NATO has begun deploying Patriot missiles in Turkey in a bid to protect the country from the threat of war from neighbouring Syria, according to the US military’s European Command (EUCOM).
EUCOM said in a statement on Friday that US military personnel and equipment were sent to Incirlik Air Base in southeastern Turkey to support NATO’s Patriot battery deployment at Ankara’s request.
Up to 400 troops are expected to be transported to Tukey within the week to operate two Patriot batteries supporting NATO’s mission there. Additional equipment is scheduled to arrive by sea this month.
“The deployment of six Patriot batteries, including two each from Germany and The Netherlands, is in response to Turkey’s request to NATO,” EUCOM said in the statement issued from its offices in the southwestern German city of Stuttgart.

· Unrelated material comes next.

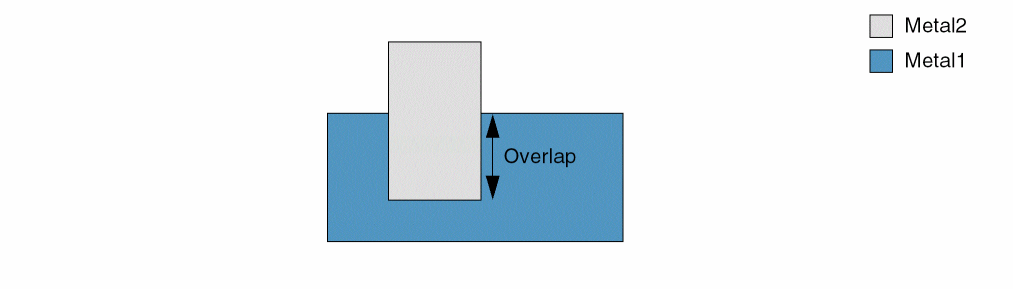 The overlap distance for Metal1 and Metal2 shapes must be at least 2.5.

“The forces will augment Turkey’s air defence capabilities and contribute to the de-escalation of the crisis along the Alliance’s border,” it added.
The statement said that the timline of the deployment would be determined by the contributing nations in coordination with Turkey and NATO.

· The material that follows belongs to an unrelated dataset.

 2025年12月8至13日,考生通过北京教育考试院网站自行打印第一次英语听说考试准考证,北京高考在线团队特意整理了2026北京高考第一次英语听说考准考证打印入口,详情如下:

EUCOM deputy commander Charles Martoglio said the Patriot batteries would fall under NATO command “when set-up is complete and the systems are operational in the next several weeks”.
“The deployment will be defensive only and will not support a no-fly zone or any offensive operation,” he added.

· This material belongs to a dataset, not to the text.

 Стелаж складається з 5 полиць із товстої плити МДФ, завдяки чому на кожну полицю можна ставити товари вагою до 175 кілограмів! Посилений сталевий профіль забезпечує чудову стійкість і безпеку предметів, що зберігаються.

Germany, The Netherlands and the United States have agreed to supply the ground-to-air missile batteries, which Turkey requested after repeated cross-border shelling from Syria. A recent attack on the border has killed five civilians.
NATO-member Turkey, a one-time Damascus ally, has turned into one of its most vocal opponents over the 21-month civil war in Syria, which according to monitors, has killed an estimated 60,000 people.